Литмир - Электронная Библиотека
A
A

– Разреши мне помочь, кузен, – ласково сказал он. – Я провожу тебя в твою комнату… Да, это было страшное испытание для тебя, – добавил он.

– Генри, – простонал Эдуард, – я не король больше.

– Я знаю.

– Они получили огромное наслаждение, унижая меня. Генри, почему так быстро меняются люди? Уолтер Рейнолдс… мой старый друг… И другие…

– Тебе надо отдохнуть, – сказал Ланкастер. – Я пришлю еду и вино.

– Мой сын… Он тоже был рад сдернуть корону у меня с головы…

– Нет, Эдуард. Мальчик не хотел становиться королем без твоего согласия. Мне известно это. Потому они пожаловали к тебе.

Легкая улыбка тронула изможденное лицо бывшего короля.

– Это правда?

– Да. Твой сын твердо заявил им всем об этом.

– Значит, хоть кто-то еще считается со мной.

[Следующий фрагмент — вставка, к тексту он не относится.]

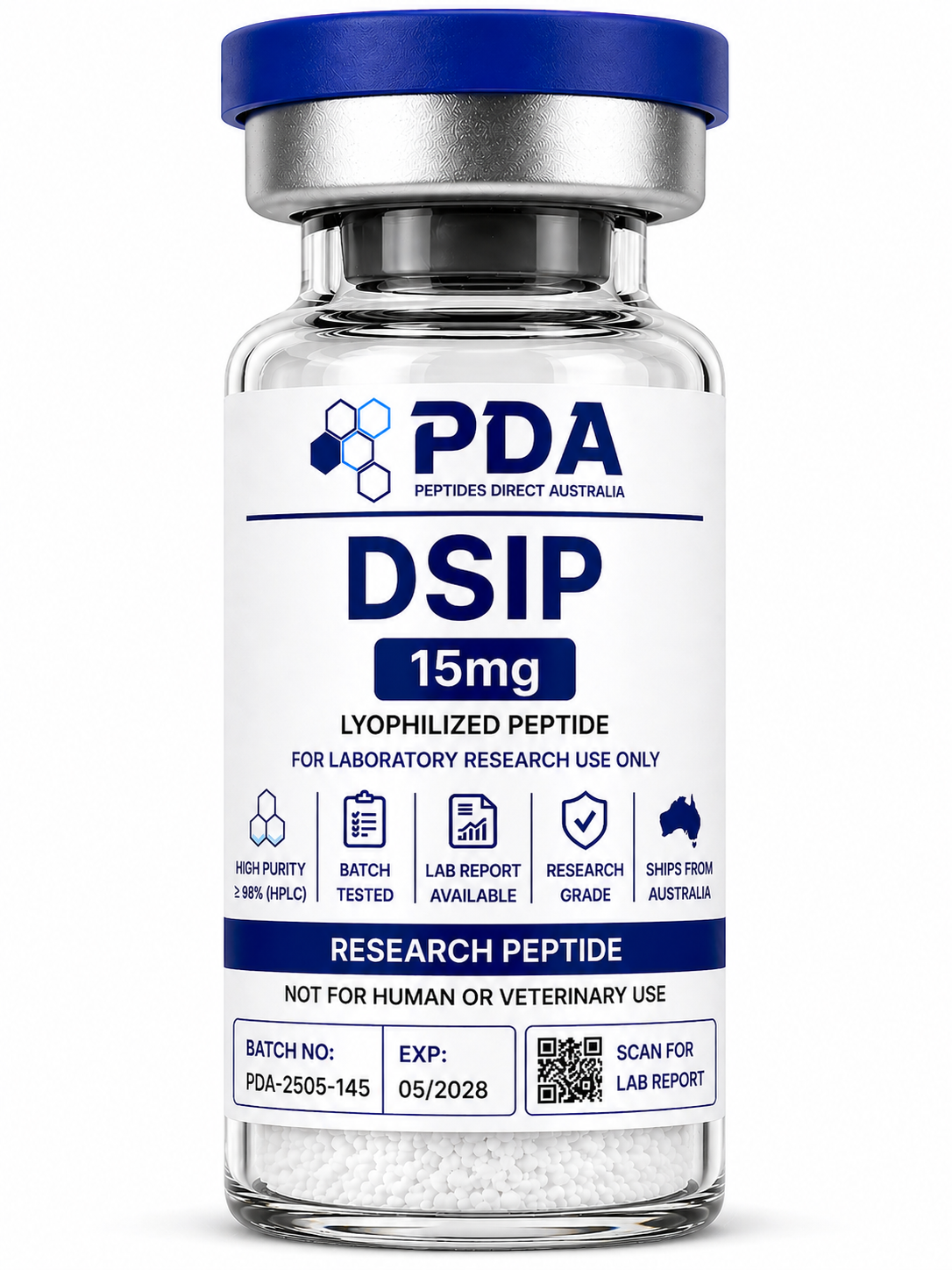 Buy DSIP 15mg in Australia. Neuropeptide for circadian, regulatory, and signalling pathway research.

Может быть, даже любит меня.

Эдуард снова закрыл лицо руками – на этот раз чтобы скрыть обильные слезы.

«Мальчик… мой мальчик… Тебе следовало бы видеть, как они унижали твоего отца… который заслужил эти унижения… Каким злорадством горели их взоры… Что тоже можно понять… О, как страшна, как тяжела жизнь!.. Мой мальчик, пускай тебе будет в ней легче и лучше, чем твоему жалкому отцу!..»

Ладони у него были мокрыми от слез.

– Благословляю тебя, мой мальчик – пробормотал он вслух.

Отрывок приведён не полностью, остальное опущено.